Nicholas Owen at work (adapted from an original drawing by Ian Fletcher)

This blog has covered various aspects of Catholic persecution during the Elizabethan and early Stuart period. Many of the characters involved are well known to us and would have been recognised as ‘players’ in the struggle between the authorities and the Catholic underground movement.

People such as John Gerard, Henry Garnet and Richard Topcliffe were well known figures of the day, however, for the most part, the supporting players are forgotten. This post looks at Nicholas Owen, who despite spending his time in the background, nevertheless managed to play a vital part in preserving the Catholic faith in England.

Oxford in HDR (Max-Design on Flickr:Click image)

A carpenters son from Oxford

Nicholas Owen was born in St Peter le Bailey in Oxford. His father, Walter Owen was a carpenter and Nicholas followed him into this trade when he was apprenticed for a period of 8 years on February 2nd 1577.

Fr Henry Garnet

Oxford at this time was a centre of Catholic recusancy and it is clear that Catholicism was a strong influence onthe Owen family. Nicholas had three brothers, two of whom became Priests and one who was known as a printer of secret Catholic pamphlets and religious materials.

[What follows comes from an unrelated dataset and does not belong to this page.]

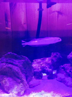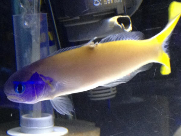 Purple Tilefish Behavior...Early Morning Suicide Jumps - 5/11/06 Hello, <<Hello Bret>> I've been using your website as a guide since I started in the hobby over a year ago and it has helped me out tons! <<Great>> My question today is about my Purple tilefish. It kills me that there is so little information about these guys! I only bought mine b/c my LFS gave me a good deal on it and told me I have a month if anything happens for a full refund. So I gave it a try. Its tried to jump twice but always at about 3am so It wakes me up and I put it back in. Like the other person, my tank is covered but it always finds that little hole by the skimmer! It has been eating like a pig since I got it...Mysis, chopped scallops and it LOVES frozen silversides. My question is, I hear they are best kept in pairs. Do you think If I add another one now it will help make it feel more comfortable or stress it out more? There is another LFS that has one that looks pretty good but I don't want to stress the one I currently have out more then I am sure it already is. The other one at the LFS is about the same size but maybe even a bit smaller. What are your thoughts on this. <<The Purple Tilefish may be aggressive toward others of its own kind. If the dealer is willing to take it back, then you may want to give it a go. The jumping behavior may stem from lack of a proper environment for him. You should have at least a three inch sand bed as these guys do like to burrow in the sand. I also recommend at least a 50 gallon tank for them. Does this sound like your system? James (Salty Dog)>> Thanks for your help <<You're welcome.>> Bret Caprilla Re: Purple Tilefish 5/12/06 Thanks for the quick reply. <You're welcome.> My tank is a 55g. The sand bed is about 2-2.5" in the area where the tilefish has made his home. It stays most of the time in a cave between 2 rocks with just its head sticking out and body hidden in the rocks. I have seen them before together in the stores and they always stay together, that's what made me think it might be better if I had 2. <Info is based on the normal behavior of the fish, and, as I mentioned, "may be aggressive toward others of its kind."> I know some of them like the flashing tilefish hide in the sand. My LFS has one in their display tank and when it got scared it would go straight in to the sand, but I have never seen my purple one go in to the sand. Thanks again for your help... <You're welcome. James (Salty Dog)> Bret Caprilla Copper overdose in Purple Tilefish? 1/21/06 Bob, <Art> I recently purchased a Purple Tilefish, who was eating like a pig, four times a day. The second day, I noticed a light outbreak of ich on him, <... no quarantine> so I began to treat him with Seachem Cupramine (He is sharing a 30 gal. quarantine tank, <Oh!> only glass and water, with a Comet, who has shown no symptoms). I built up to the recommended dose at half the manufacturer's recommended schedule, and as I got nearer to 6L (the total dose recommended for 30 gal., in order to reach 0.5 ppm), I dosed in increments of one fourth the manufacturer's directions. I did this because there is very little info available on the Purple Tilefish, and I suspected he was sensitive to copper. <You are correct here> He tolerated the dose with no side effects whatsoever to a total of 4.25L (between 0.25 and 0.5 ppm), but the morning after I added another .75L, to a total dose of 5.25L, he was listless, stopped begging for food, stopped eating, started twitching his head, and he has the darkened, splotchy areas on his body (spine and around the eyes) that I have come to associate with copper poisoning (yes, I have done this before). <Yes...> I immediately performed a 10 gal. (one third) water change, and installed a couple of poly filters to remove the copper. A day later, he is still alive, but also is still not eating, still twitching, still has the dark areas, and one eye appears to be slightly popped, although not cloudy. <All symptomatic...> The Comet, meanwhile, appears to be fine. He may have skipped a couple of meals, but he has resumed eating. Are the symptoms I described consistent with copper poisoning, in your experience? <Yes> Can fish recover from this, and if so, will his normal coloring return, and what about twitching he pop eye? <All can be recovered from> This is the first time I have seen these symptoms associated with copper poisoning. <Mmm, would bear your "writing all up", presenting as an article, pitch to hobbyists, professional aquarists> As far as the Comet is concerned, I am naturally reluctant to continue his quarantine period with copper. If he shows no symptoms of ich for the rest of his quarantine (another week and a half), can I add him to my display tank at that time, and be reasonably sure that I have not introduced the parasite to the display tank? <I might risk this... passing the fish through a prophylactic dip (just slightly reduced spg, a spritz of formalin mixed in)> I recently finished going fallow, and I don't want to do it again, but I have more fish on the way that I need to put into quarantine. I would very much appreciate your expert advice. Thanks, Art <Difficult to state what I might due w/o looking at the animal, but am inclined to encourage your moving it... lest it perish otherwise. Bob Fenner> Tilefish In Trouble? I bought a tilefish about a month ago. He is being quarantined in a 72 gallon tank before I add him to my display tank. He is eating fine and seems okay except I noticed that he has circular indentions on his head.They are different sizes. I don't see it any where else on his body. Is this normal for tilefish? What might it be? Thanks for your help! Nicki <Well, Nicky- lots of possibilities here. Could be some sort of parasitic problem, could be Head And Lateral Line Erosion (check water conditions and diet), or could even be an injury of some sort. If the fish is eating okay, and seems otherwise unaffected, I'm inclined to recommend continued close obs

In 1588 Nicholas was engaged as a manservant by Henry Garnet (see earlier post) who was at that time the Jesuit superior in England. Garnet employed Nicholas’ carpentry and building skills in the service of the recusant Catholic movement.

A typical older hide - cut the floorboards, disappear down the shaft & cover the entrance(Harvington Hall)

Hiding holes across England

Today, England contains around about a hundred houses which have a secret hiding place. Many of these are of a simpler design i.e. a hole in the floor leading to a space below, usually within a wall. The hide entrance is covered by a hatch which would have been hidden with reeds and rushes typically used to cover floors during this period. Harvington Hall has two such hides and a similar hide at Moseley Old Hall was used to conceal Charles the Second after the defeat and flight from Worcester in 1651.

The master craftsman of the secret hiding place

Unlike the simple (and predictable design) of the older hides, Nicholas Owen’s constructions are recognised because of the ingenuity of their construction.

Alan Fea’s book ‘Secret Chambers and Hiding Places’ (freely available to download on Project Gutenberg) contains a description of Owens work;

“With incomparable skill,” says an authority, “he knew how to

conduct priests to a place of safety along subterranean passages,

to hide them between walls and bury them in impenetrable recesses,

and to entangle them in labyrinths and a thousand windings”

Scotney Castle - hiding place made by Nicholas Owen? (Photo by Tom Hills on Flickr)

Although it is possible to question the accuracy of Feas work ( hide builders didn’t generally make subterreanean passages for example) the ingenuity of Owens work cannot be questioned.

Nicholas Owens hides were always different, discovering one in a house would not help a searcher to find a hide in another house. Often ceilings and floors were raising or lowered and hides were concealed in roof spaces, behind panelling and walls, in or below false fireplaces.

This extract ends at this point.